2 minute read

Counterfeit

Road Trip

Susan Richardson

Tire tracks scar history onto the asphalt, pulling travelers into the story of a lost highway. The heat hits the ground like a truck barreling into the skin of the pavement. It is a road that time spat out, where secrets take cover in trees that stand like sentinels, waiting for the rain to lull roots from the dust. Dreams bloom under a veil of branches, plucking shamrocks as they fall from the sky. Music winds its melody into the clouds, colors clamoring to saturate the air, until the hum of an engine creeps over the hill, leaving the metallic scent of death on the landscape.

The Sun Creeps Up and Swallows Joy

Susan Richardson

Sidewalk dwellers escape the pavement, searching for blades of coolness in the grass. They sink into mirages that ripple and shimmer with the promise of relief, but reverie is severed by the venom of the season. There is only the dense heat of its gaze, parched tongues and energy siphoned through the tops of blistering scalps. Children choke on the fumes of heatwaves. No clouds appear in a punishing sky to quench the skin of homeless families. They succumb like prisoners without eyes, breath dictated by thirst, voices pulled into the melting throat of an urban backdrop. The sun creeps up and swallows joy, hiding the incandescence of rain beneath its tongue. Hope dissolves into the teeth of summer.

Counterfeit

Susan Richardson

You take my hand and lead me into the dark, aware of my blindness and the soft texture of my heart. Your whispers of love are counterfeit, expertly crafted words that fall from your teeth with flickers of duplicity. Hungry for the incendiary quality of your mouth, I lean in to catch the embers on my tongue, swallowing the warm elixir of your lies.
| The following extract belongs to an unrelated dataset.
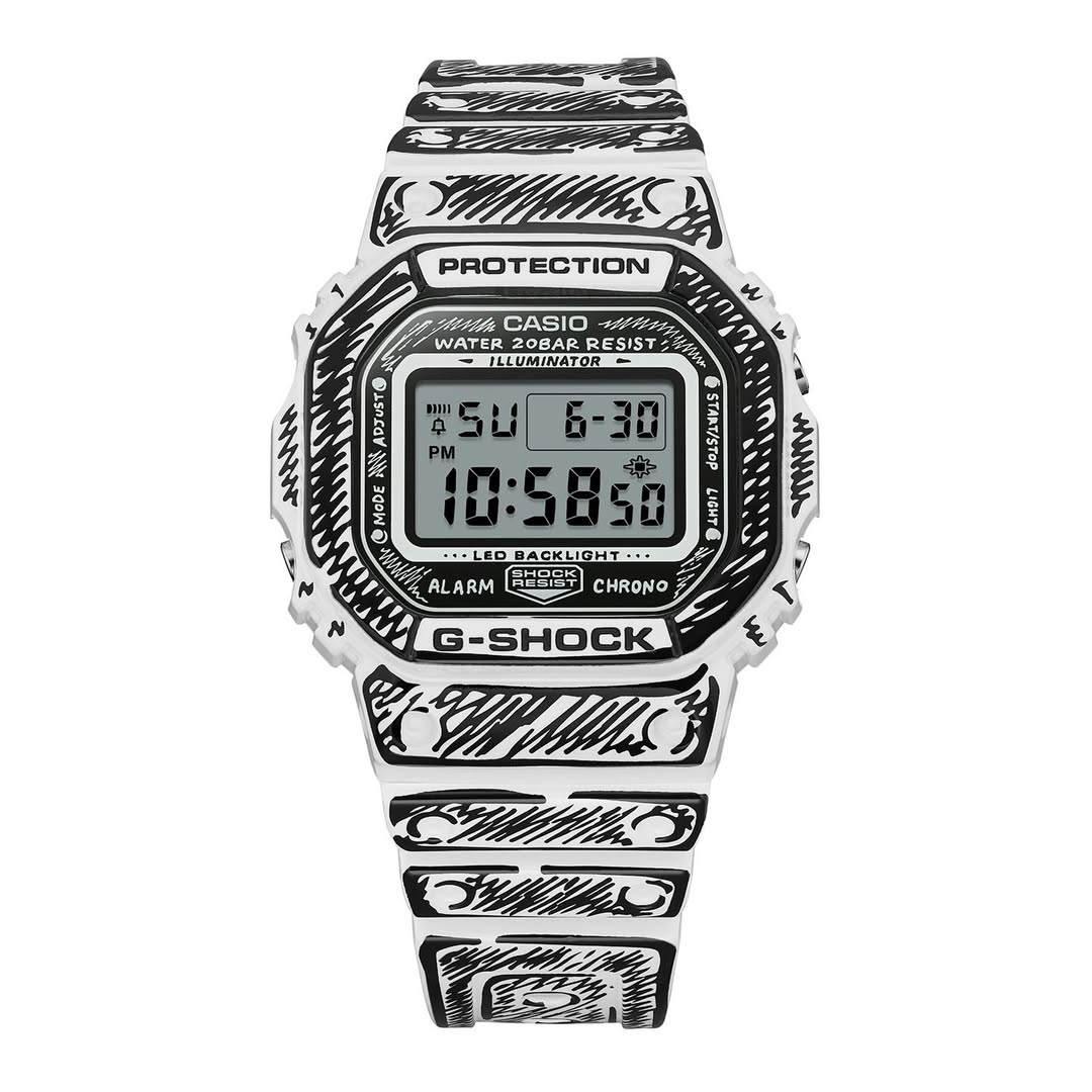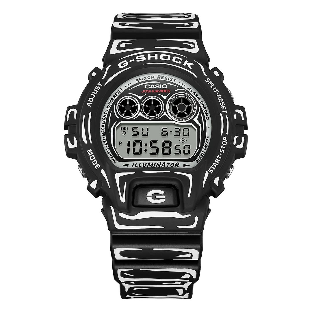 @geesgshock 在 Instagram 上分享的新信息显示显示,之前曝光的漫画风格手表--卡西欧 G-Shock DW-5600JV-7 和卡西欧 G-Shock DW-6900JV-1 --零售价各为 180 美元。这两款合作款采用了 Vides 标志性的手绘钢笔勾勒美学,赋予了两款手表风格化的漫画外观。DW-5600 采用白色树脂表壳和表带,配以黑色素描风格的线条,而 DW-6900 则以黑色为基调,在表圈和表带上采用大胆的白色轮廓装饰。

Your thirst for other women is something you teach me to ignore, fingers sliding like flames across my throat.

Treehouse

Cameron Gorman

were you there in the spring, in the woods underneath the rusted tub while i swung an old ax at a dead tree’s chest?

sure, you were already gone by then, but i could sense someone’s eyes on my back.
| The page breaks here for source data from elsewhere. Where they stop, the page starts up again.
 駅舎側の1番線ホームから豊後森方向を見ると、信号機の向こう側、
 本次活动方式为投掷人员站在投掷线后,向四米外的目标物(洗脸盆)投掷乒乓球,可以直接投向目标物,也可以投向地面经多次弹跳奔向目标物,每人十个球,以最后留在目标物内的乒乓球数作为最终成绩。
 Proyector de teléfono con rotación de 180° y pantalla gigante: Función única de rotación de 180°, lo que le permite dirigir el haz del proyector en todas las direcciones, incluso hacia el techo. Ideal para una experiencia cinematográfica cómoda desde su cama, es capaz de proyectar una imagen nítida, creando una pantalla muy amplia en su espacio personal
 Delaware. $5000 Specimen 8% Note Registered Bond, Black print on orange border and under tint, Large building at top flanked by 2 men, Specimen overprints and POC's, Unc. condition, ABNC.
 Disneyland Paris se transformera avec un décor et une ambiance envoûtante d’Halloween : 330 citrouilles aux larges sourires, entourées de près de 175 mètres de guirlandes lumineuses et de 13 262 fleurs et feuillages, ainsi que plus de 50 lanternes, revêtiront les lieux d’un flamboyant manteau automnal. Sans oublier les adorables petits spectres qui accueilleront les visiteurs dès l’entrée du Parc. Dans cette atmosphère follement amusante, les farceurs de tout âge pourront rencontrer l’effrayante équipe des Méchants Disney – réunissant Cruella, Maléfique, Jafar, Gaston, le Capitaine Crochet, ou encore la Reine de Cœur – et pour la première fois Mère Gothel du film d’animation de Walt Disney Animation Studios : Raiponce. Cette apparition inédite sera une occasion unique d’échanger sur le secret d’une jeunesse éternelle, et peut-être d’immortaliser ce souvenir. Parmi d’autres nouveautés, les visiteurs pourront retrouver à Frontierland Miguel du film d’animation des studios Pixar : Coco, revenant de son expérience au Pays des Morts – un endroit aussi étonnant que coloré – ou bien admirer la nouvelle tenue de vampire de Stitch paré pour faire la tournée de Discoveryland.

already in my third cycle of change, of not knowing who i was, of youthful lung destruction,

i had gotten good at knowing when someone’s eyes lingered—

(and i know you were already gone by then)

but tell me, when i was alone in the woods, arcing myself and my heart through that dulled metal,

trying to wring something through a handle and blade, trying to convince myself i was angry, angry,

under the rocks of the dry brook, inside the sand of the log-rot, behind the green-choked trees, were you watching?